Common Slurm Settings
*********************

* Optionally, you can  specify a node access mode by setting the environment
  variable ``CHPL_LAUNCHER_NODE_ACCESS``. It will default to ``exclusive``
  access, but can be overridden to:

    * ``shared`` to give shared access to nodes
    * ``unset`` to use the system default and not specify a node access mode
    * ``exclusive`` to give exclusive access to nodes (this is the default)

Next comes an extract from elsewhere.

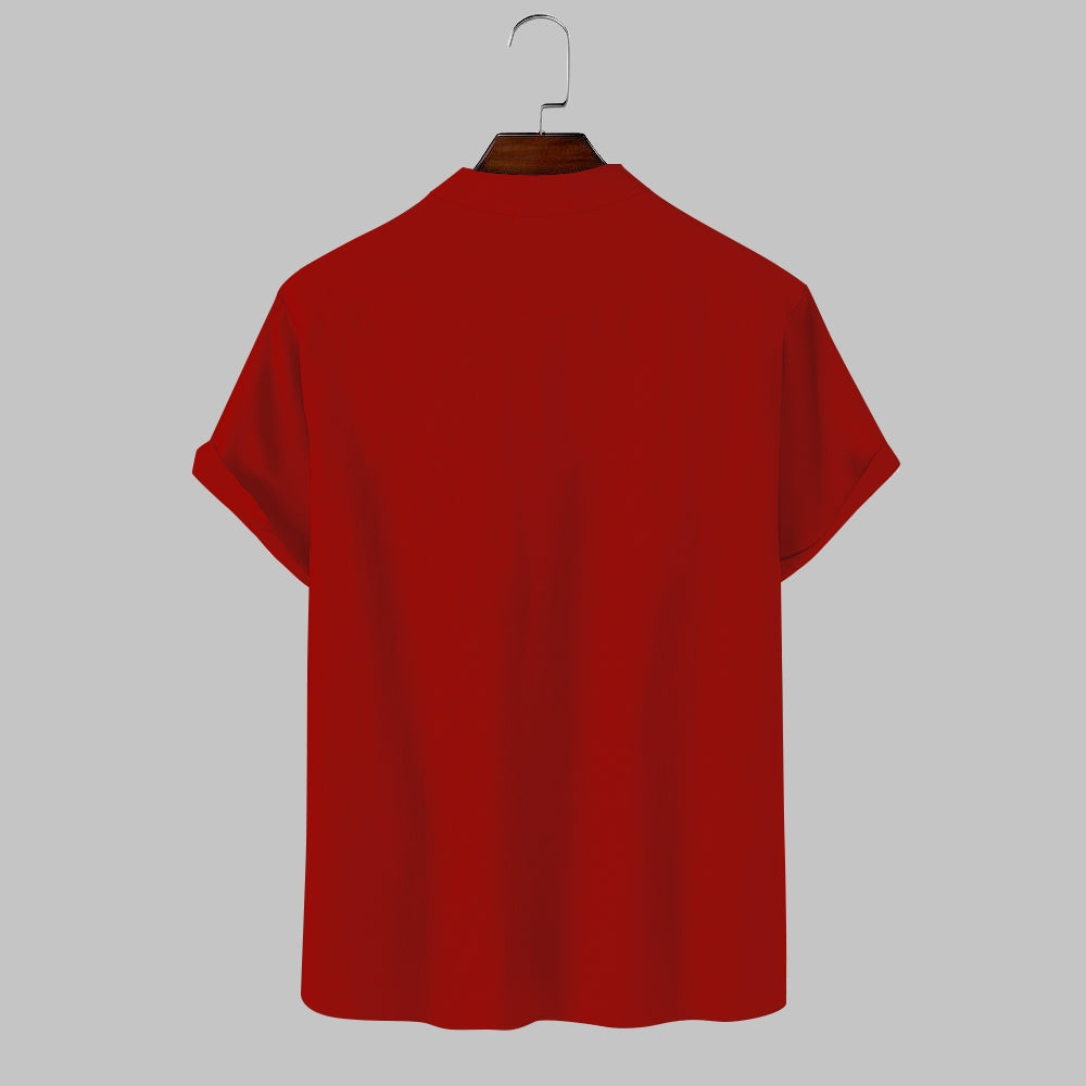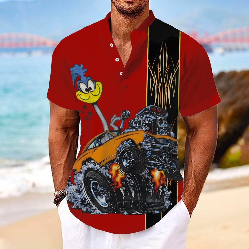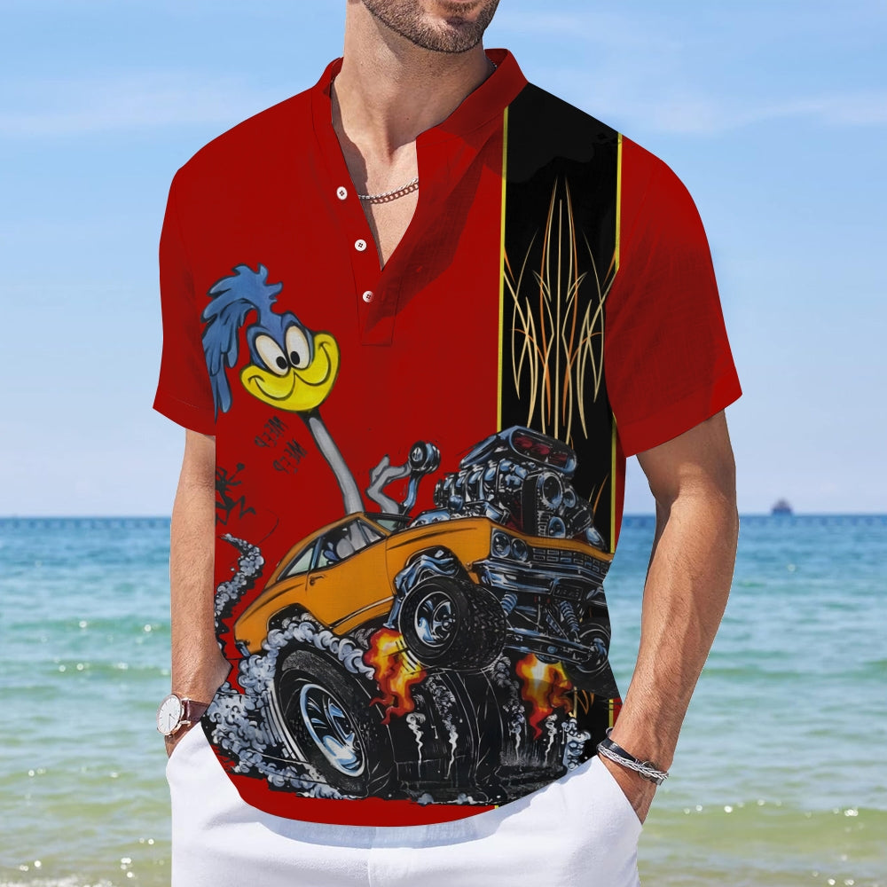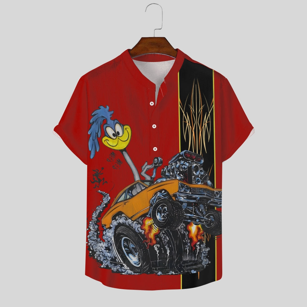 Classic Cartoon Modified Car Printing Stand-Up Collar Half-Lapel Short-Sleeved Shirt

  For example, to grant shared node access, set:

  .. code-block:: bash

    export CHPL_LAUNCHER_NODE_ACCESS=shared

* Optionally, you can specify a slurm partition by setting the environment
  variable ``CHPL_LAUNCHER_PARTITION``. For example, to use the 'debug'
  partition, set:

  .. code-block:: bash

    export CHPL_LAUNCHER_PARTITION=debug

* Optionally, you can specify a slurm nodelist by setting the environment
  variable ``CHPL_LAUNCHER_NODELIST``. For example, to use node nid00001, set:

  .. code-block:: bash

    export CHPL_LAUNCHER_NODELIST=nid00001

* Optionally, you can specify a slurm constraint by setting the environment
  variable ``CHPL_LAUNCHER_CONSTRAINT``. For example, to use nodes with the
  'cal' feature (as defined in the slurm.conf file), set:

  .. code-block:: bash

    export CHPL_LAUNCHER_CONSTRAINT=cal

* Optionally, you can specify a slurm account by setting the environment
  variable ``CHPL_LAUNCHER_ACCOUNT``. For example, to use the account 'acct',
  set:

  .. code-block:: bash

    export CHPL_LAUNCHER_ACCOUNT=acct

* If the environment variable ``CHPL_LAUNCHER_USE_SBATCH`` is defined then
  sbatch is used to launch the job to the queue system, rather than
  running it interactively as usual. In this mode, the output will be
  written by default to a file called <executableName>.<jobID>.out. The
  environment variable ``CHPL_LAUNCHER_SLURM_OUTPUT_FILENAME`` can be used
  to specify a different filename for the output.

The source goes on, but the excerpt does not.